I am interested in an abstraction that abstracts into the world and this is achieved by having no prior idea hovering over the execution of the work: it is the process of the work itself, its unfolding processual or emergent flavor, that not only forms the work but also informs the idea of the work. In this way the Idea is not a thing separate from the unfolding of the material to form an image. It does not constitute a transcendent phasespace where the artist’s mind orders the field as if from above or outside what is going on in the emergent of the painting itself. Rather, it is a form of immanence where both the work of art in its material formation as well as the work of the Idea are both subject to a sediment process. The ‘mineralization of the imagination’ as I understand it is a means to this end.

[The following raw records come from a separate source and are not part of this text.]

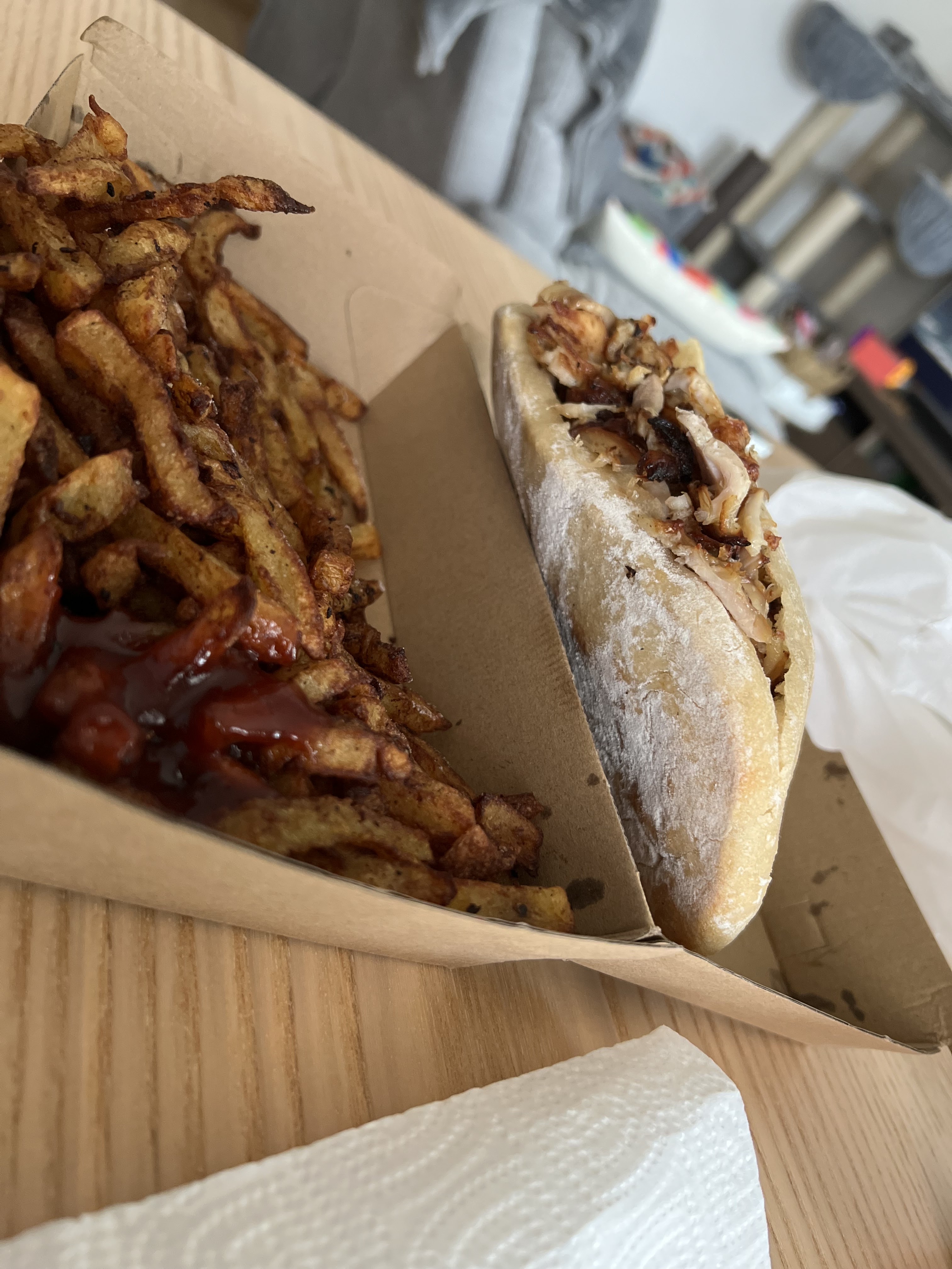 Alors là je suis agréablement surpris par mon kebab! Il était super bon! Un bon pain de la boulangerie, une bonne viande de qualité (non grasse), et ces frites maison…un régale! 😋😋😋 Vraiment, je vous recommande d’y aller passer votre déjeuner ou dîner! De bonnes quantités que cela soit en viande ou en frites! Merci je me suis vraiment régalé à manger votre Kebab. 👍
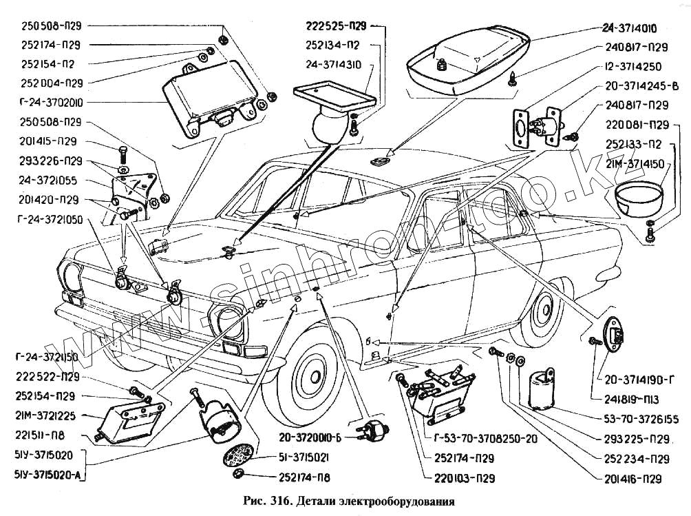 Каталог запасных частей к технике: ГАЗ-24. Детали электрооборудования
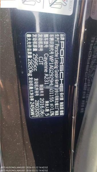 初次登记日期 2016-11-10 车辆名称 保时捷 Cayenne
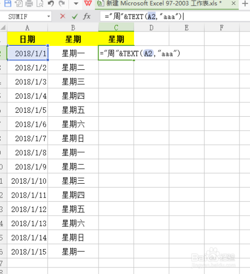 若是需要将日期转换当作“周一”的形式,则在选中单位格的编纂器处输入公式“="周"&TEXT(A2,"aaa")”如图,
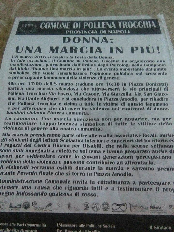 Pollena Trocchia ha voluto ricordare così l’8 marzo, con una marcia silenziosa a tappe nelle quali sono state declamate poesie e lette frasi per sottolineare l’importanza del ruolo della donna nella famiglia e nella società.
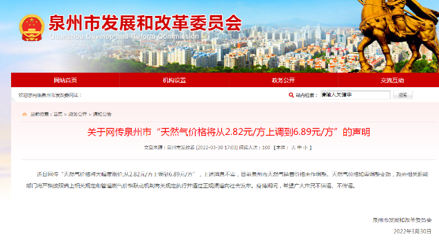 3月30日,泉州市发展和改革委员会在官方网站上发布《关于网传泉州市“天然气价格将从2.82元/方上调到6.89元/方”的声明》对此进行回应。
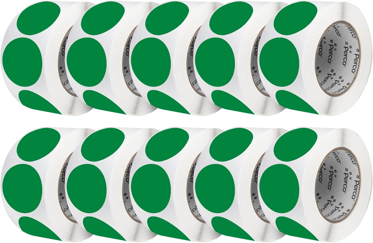 Perco Green 3-Inch Perforated Circle Dot Sticker Labels — 10 Rolls, 5,000 Round Stickers — with Permanent Adhesive for Moving Boxes, Sale Signage, Displays, Status Messaging—Made in USA
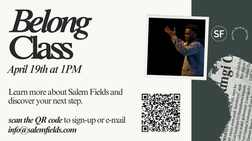 Our next Belong Class will take place on Sunday, April 19th, 2026 at 1PM. Find out more about Salem Fields, meet some staff and find out how to take some Next Steps here at church. Sign-Up Here!

Its end is a successful traversing of the bifurcation of nature as occurring in the mind of the artist during the activity of making art.

It is possible that the word ‘abstraction’ has too much baggage and a new term must be invented in order to describe this process that goes into the world rather than bracketing it all out. I use the word for want of a better one. Maybe one could call it ‘Post-Abstraction’ to possibly line up with all that post-Kantian jive? When one thinks of abstraction most of the time what is immediately conjured up is the kind of work that I have mentioned above as being bankrupt – like for example Neo-Plastic vision, but I could’ve named other movements.  In any case, it is not only about exceeding or getting  beyond a certainly tendency in works of art, since these tendencies are tied not only to aesthetic but also social and environmental programs. It is not only bankrupt as theoretical program but equally it is kaput socially and, dare I say, in terms of Revolution. The latter will never happen until a new human space is created and while even the modernist painters knew this to be true, it has to do as much with sensation as with anything. And in terms of sensation what I think the inverse of abstraction achieves is an orientation back into the world, back into nature. But this nature is no longer the nature of our grandfathers. Their ‘nature’ was predicated on a neat opposition between subject and thing, whereas the division between the sensible and the intelligible are not so clear cut. Perhaps the abstraction into the world may achieve a motion of going-through nature, rather than the command and control vibe of high modernist practice, in order to achieve a vision where the artist is not a transcendent architect but a co-creator?